* **Provided material**:
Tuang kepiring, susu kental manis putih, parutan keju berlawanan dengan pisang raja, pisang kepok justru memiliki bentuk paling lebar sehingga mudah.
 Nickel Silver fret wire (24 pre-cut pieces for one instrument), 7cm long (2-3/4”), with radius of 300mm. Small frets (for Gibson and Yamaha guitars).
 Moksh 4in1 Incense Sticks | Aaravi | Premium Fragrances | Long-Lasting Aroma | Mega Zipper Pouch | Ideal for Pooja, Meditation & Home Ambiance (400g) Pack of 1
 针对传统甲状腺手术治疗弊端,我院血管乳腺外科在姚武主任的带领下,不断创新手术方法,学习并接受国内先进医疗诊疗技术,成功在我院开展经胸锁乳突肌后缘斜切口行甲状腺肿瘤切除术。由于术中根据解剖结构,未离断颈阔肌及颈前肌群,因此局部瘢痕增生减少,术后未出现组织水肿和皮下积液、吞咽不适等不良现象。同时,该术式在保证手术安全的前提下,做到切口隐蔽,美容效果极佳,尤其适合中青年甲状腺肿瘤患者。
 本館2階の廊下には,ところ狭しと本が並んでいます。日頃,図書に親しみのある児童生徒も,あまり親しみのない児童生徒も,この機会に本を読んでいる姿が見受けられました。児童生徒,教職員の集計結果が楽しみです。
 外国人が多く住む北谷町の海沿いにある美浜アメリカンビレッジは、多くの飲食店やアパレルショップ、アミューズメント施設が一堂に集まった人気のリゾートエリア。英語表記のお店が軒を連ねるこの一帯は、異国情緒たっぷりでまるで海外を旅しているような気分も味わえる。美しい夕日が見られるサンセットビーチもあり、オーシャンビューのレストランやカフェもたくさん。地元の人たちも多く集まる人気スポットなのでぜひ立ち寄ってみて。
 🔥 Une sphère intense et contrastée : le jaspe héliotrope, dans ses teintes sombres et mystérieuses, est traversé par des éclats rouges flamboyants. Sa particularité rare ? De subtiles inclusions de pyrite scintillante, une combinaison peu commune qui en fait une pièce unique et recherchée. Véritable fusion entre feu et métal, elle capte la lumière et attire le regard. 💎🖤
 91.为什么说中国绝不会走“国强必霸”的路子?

---

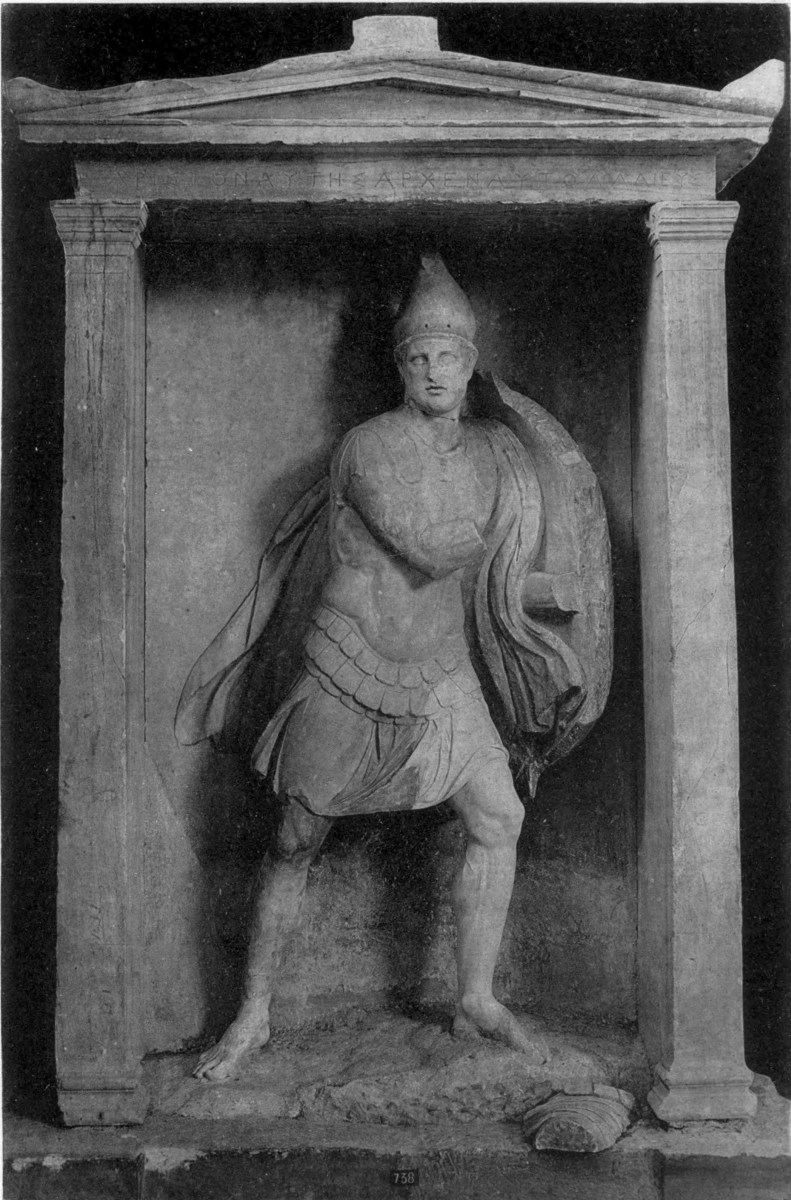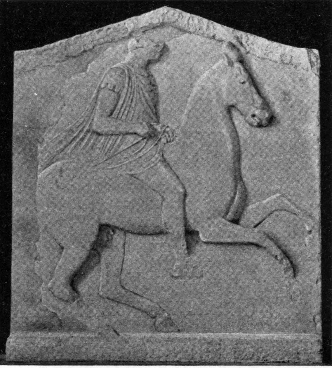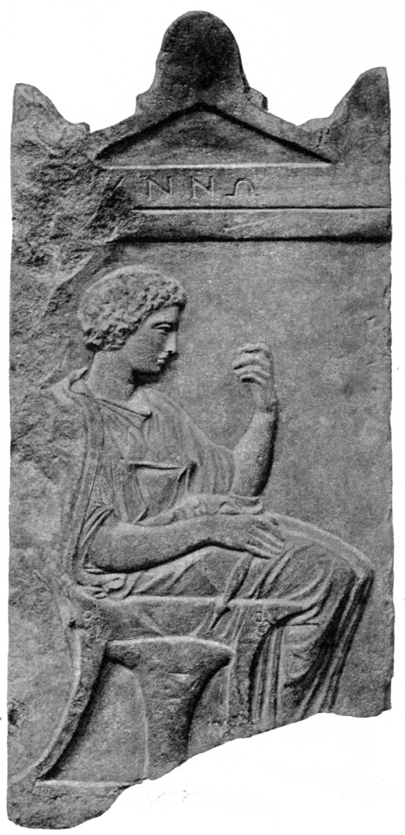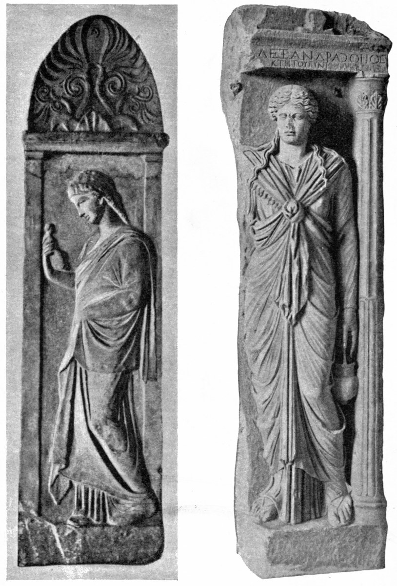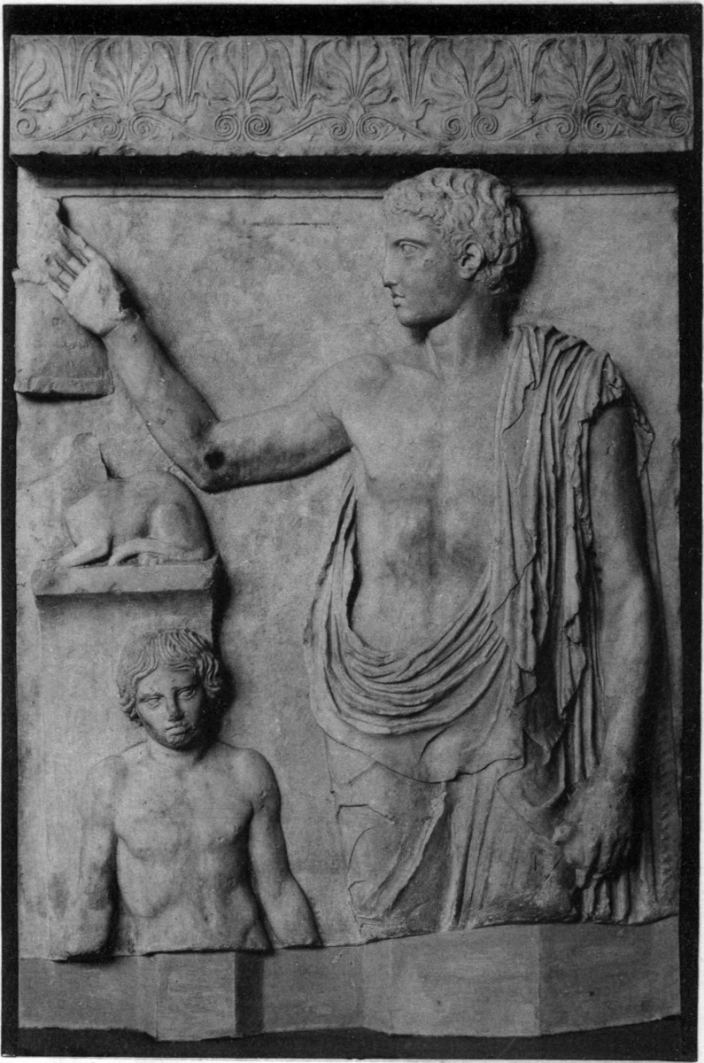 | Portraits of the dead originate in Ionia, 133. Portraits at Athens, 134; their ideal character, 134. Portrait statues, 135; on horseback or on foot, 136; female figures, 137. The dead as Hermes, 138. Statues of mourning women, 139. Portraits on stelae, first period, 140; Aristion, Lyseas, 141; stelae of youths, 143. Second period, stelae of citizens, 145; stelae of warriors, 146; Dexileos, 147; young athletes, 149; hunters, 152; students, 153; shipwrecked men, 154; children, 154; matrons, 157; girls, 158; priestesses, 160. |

* * *

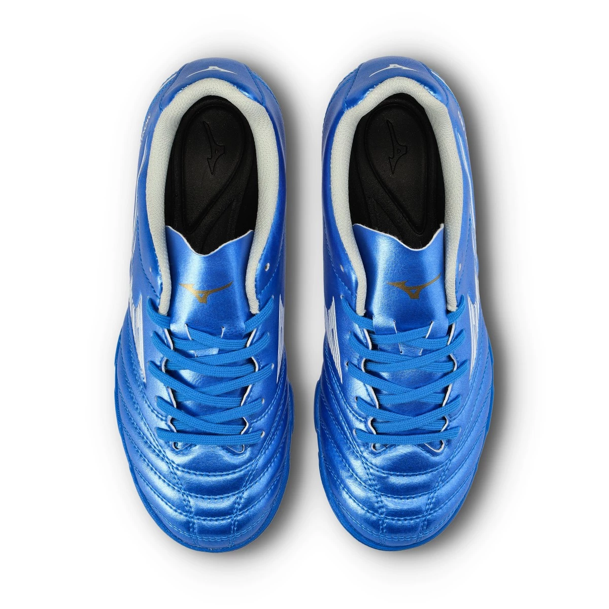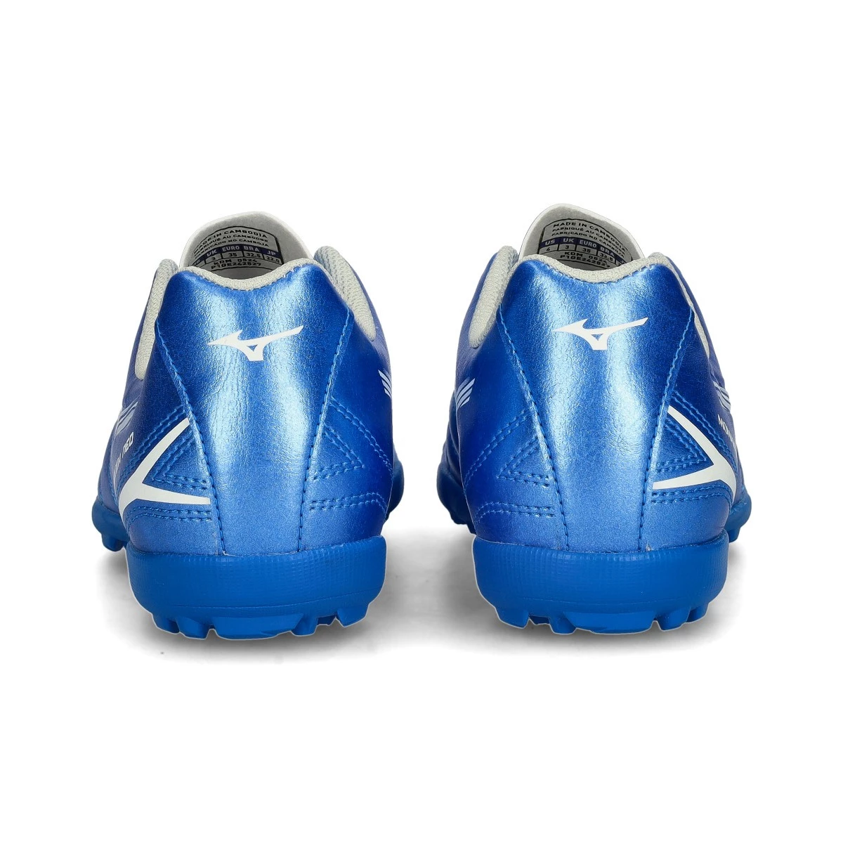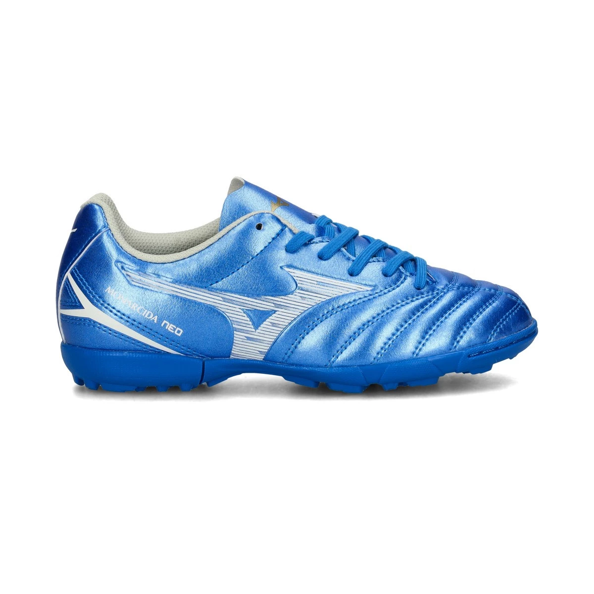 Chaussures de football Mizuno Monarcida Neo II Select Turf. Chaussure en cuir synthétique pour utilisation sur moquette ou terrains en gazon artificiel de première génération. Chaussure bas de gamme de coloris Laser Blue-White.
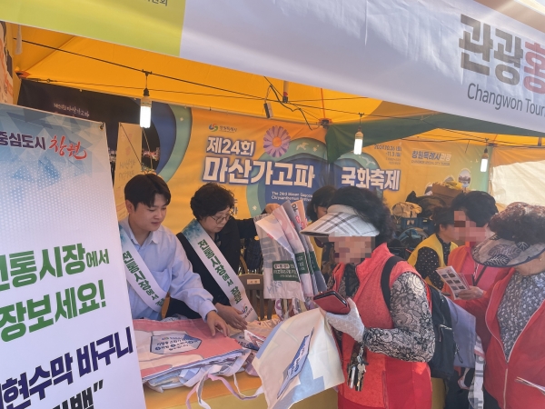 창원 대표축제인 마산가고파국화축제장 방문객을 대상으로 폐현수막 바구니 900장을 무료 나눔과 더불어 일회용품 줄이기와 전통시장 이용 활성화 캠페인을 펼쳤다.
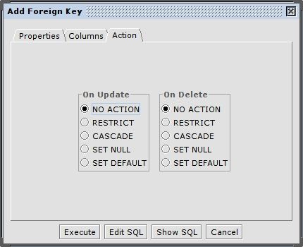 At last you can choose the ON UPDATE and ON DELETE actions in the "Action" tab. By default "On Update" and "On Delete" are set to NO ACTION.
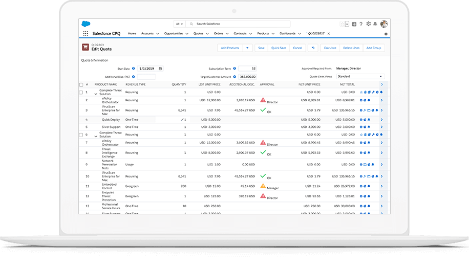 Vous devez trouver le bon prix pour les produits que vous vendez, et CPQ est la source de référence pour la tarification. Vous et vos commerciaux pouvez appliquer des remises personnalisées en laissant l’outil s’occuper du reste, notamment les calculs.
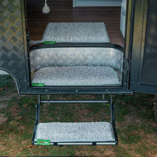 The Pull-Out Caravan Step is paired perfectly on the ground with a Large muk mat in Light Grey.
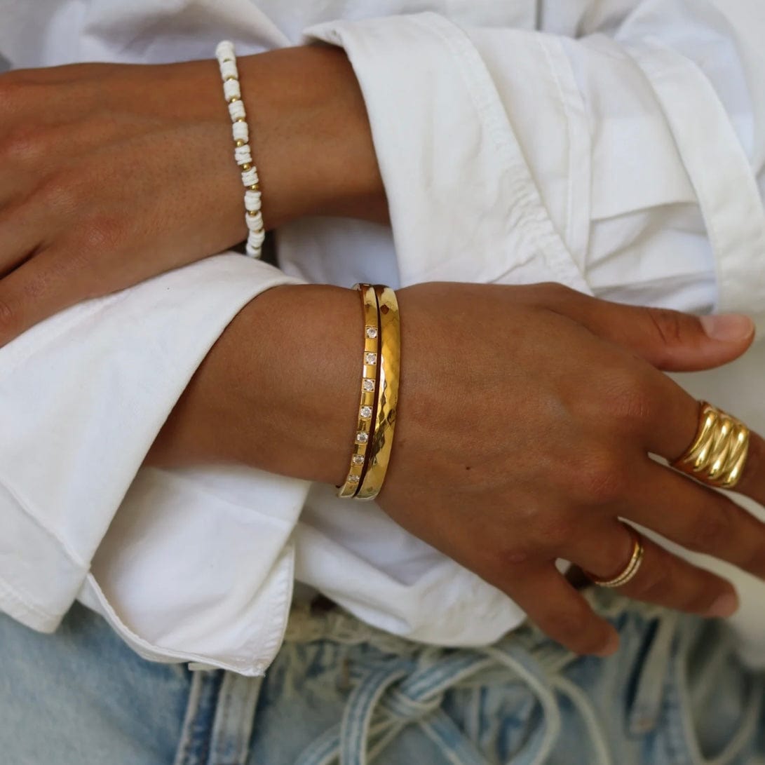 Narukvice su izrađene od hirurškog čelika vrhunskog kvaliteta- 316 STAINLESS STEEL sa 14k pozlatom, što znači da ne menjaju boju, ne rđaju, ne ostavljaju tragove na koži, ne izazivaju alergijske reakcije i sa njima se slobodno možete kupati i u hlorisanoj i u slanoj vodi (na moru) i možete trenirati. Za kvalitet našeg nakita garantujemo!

* **Try it**: Taking the entries above, print exactly the lines starting at the line with "Tuang kepiring, susu" and ending at the line with "本館2階の廊下には,ところ狭", both included.

* **Final answer**:
Tuang kepiring, susu kental manis putih, parutan keju berlawanan dengan pisang raja, pisang kepok justru memiliki bentuk paling lebar sehingga mudah.
 Nickel Silver fret wire (24 pre-cut pieces for one instrument), 7cm long (2-3/4”), with radius of 300mm. Small frets (for Gibson and Yamaha guitars).
 Moksh 4in1 Incense Sticks | Aaravi | Premium Fragrances | Long-Lasting Aroma | Mega Zipper Pouch | Ideal for Pooja, Meditation & Home Ambiance (400g) Pack of 1
 针对传统甲状腺手术治疗弊端,我院血管乳腺外科在姚武主任的带领下,不断创新手术方法,学习并接受国内先进医疗诊疗技术,成功在我院开展经胸锁乳突肌后缘斜切口行甲状腺肿瘤切除术。由于术中根据解剖结构,未离断颈阔肌及颈前肌群,因此局部瘢痕增生减少,术后未出现组织水肿和皮下积液、吞咽不适等不良现象。同时,该术式在保证手术安全的前提下,做到切口隐蔽,美容效果极佳,尤其适合中青年甲状腺肿瘤患者。
 本館2階の廊下には,ところ狭しと本が並んでいます。日頃,図書に親しみのある児童生徒も,あまり親しみのない児童生徒も,この機会に本を読んでいる姿が見受けられました。児童生徒,教職員の集計結果が楽しみです。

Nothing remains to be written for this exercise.